Nidhi Manhas, Tanvi Kohli, Sulekha Manhas, Sanjana Khullar, Mrinal Kalhuria

ABSTRACT

Background: The present study was conducted for evaluating finite elemental stress analysis (FEA) of Monoblocks in root canals. Materials & methods: Forty maxillary incisor FEA models representing different monoblocks using several materials were created as follows: (a) primary monoblock with Mineral Trioxide Aggregate; (b) secondary monoblock with sealer (MetaSEAL) and Resilon; (c) tertiary monoblock with EndoREZ; and (d) primary monoblock with polyethylene fibre post-core (Ribbond). AAt a 135° angle to the tooth's long axis, a 300 N force was applied from the crown's palatal surface. Except for the glass-fibre post, the study's materials were presumed to be homogeneous and isotropic; the von Mises criteria was employed to express the findings. A statistical analysis was performed after recording all the results in a Microsoft Excel document.
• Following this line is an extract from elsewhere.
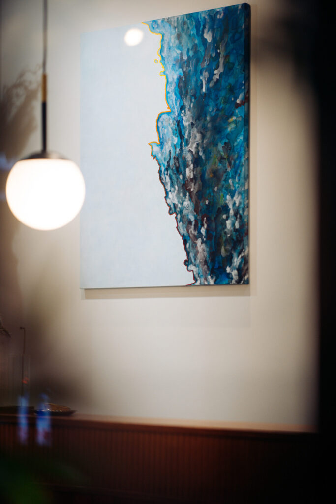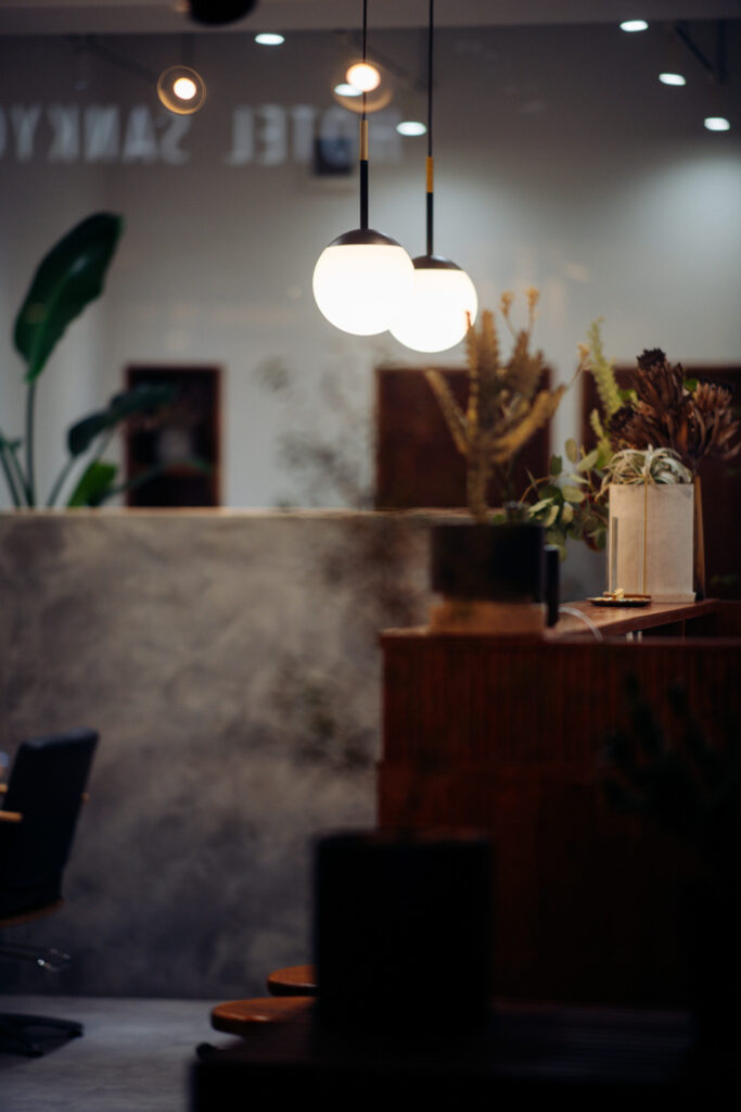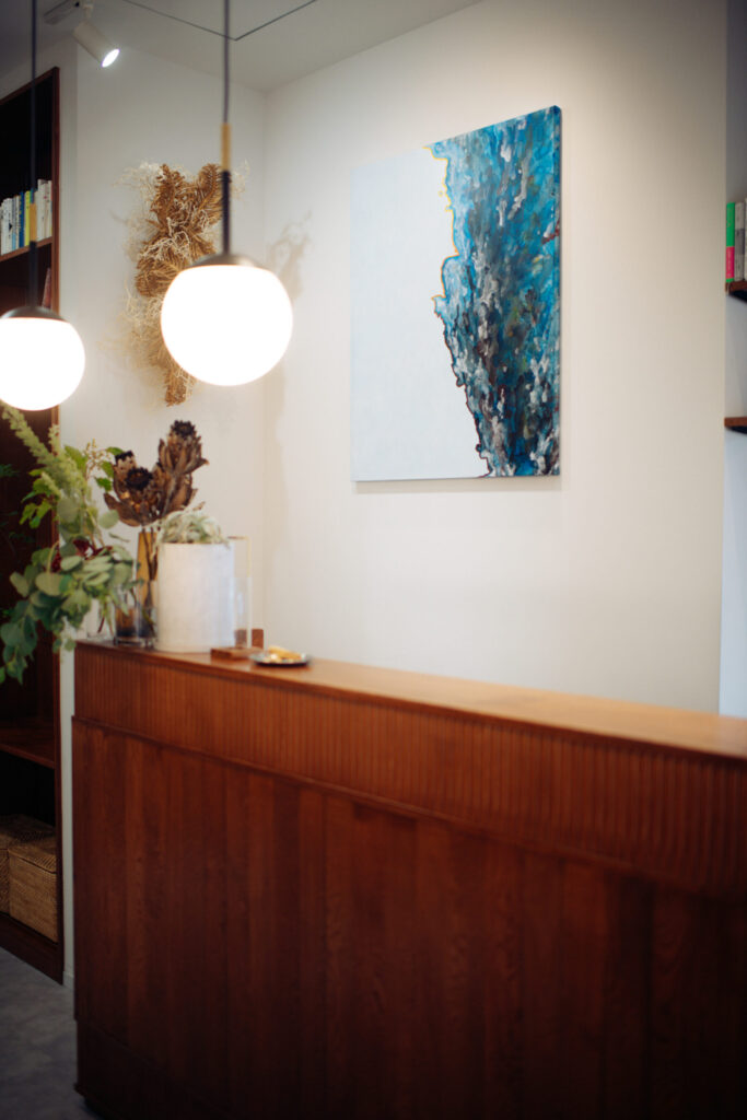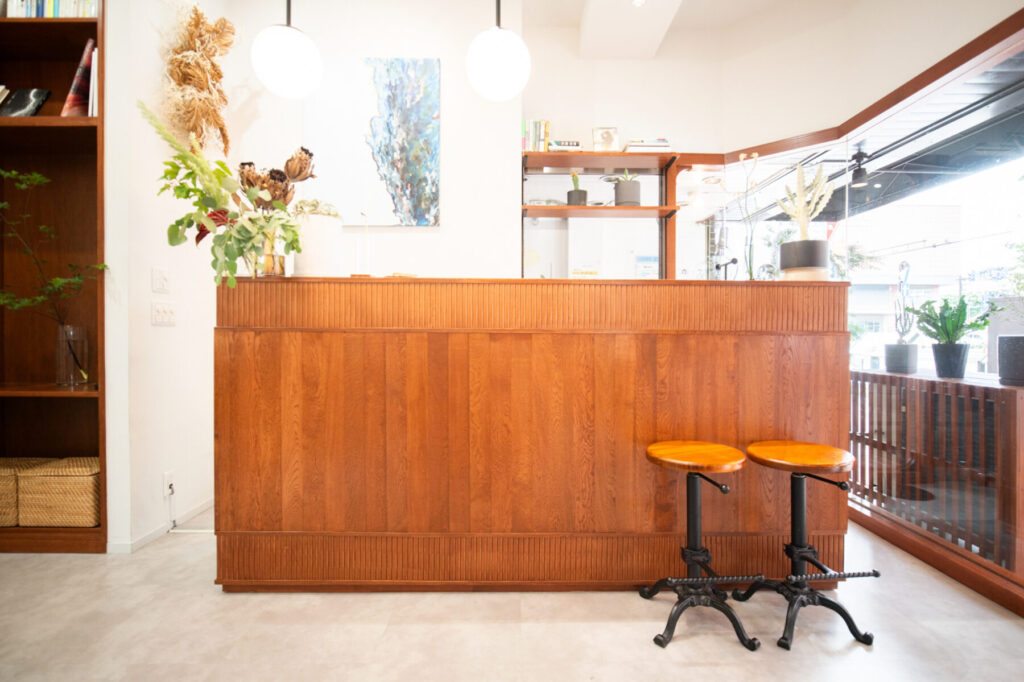 内部は背景紙になるような、ホワイトベースにツヤ感のある木製家具・建具を製作、塗装を複数レイヤーし光沢を出すことで、カジュアルと大人な雰囲気の2面性のある店舗に仕立てました

Results: Max von Mises stress values among specimens of Primary monoblock with Mineral Trioxide Aggregate group, Secondary monoblock with sealer (MetaSEAL) and Resilon group, Tertiary monoblock with EndoREZ group and Primary monoblock with polyethylene fibre post-core (Ribbond) group was 7.2º, 7.9º, 7.8º and 20.7º respectively. The places where force was applied had the highest strains. With more interfaces, both for the post-core systems and the sealers' monoblocks, the strains within the models grew. Conclusion: As the number of adhesive contacts increased, so did the stresses within the roots. Stresses inside the tooth structure can be decreased by forming a main monoblock within the root canal using either an endodontic sealer or an adhesive post-core device.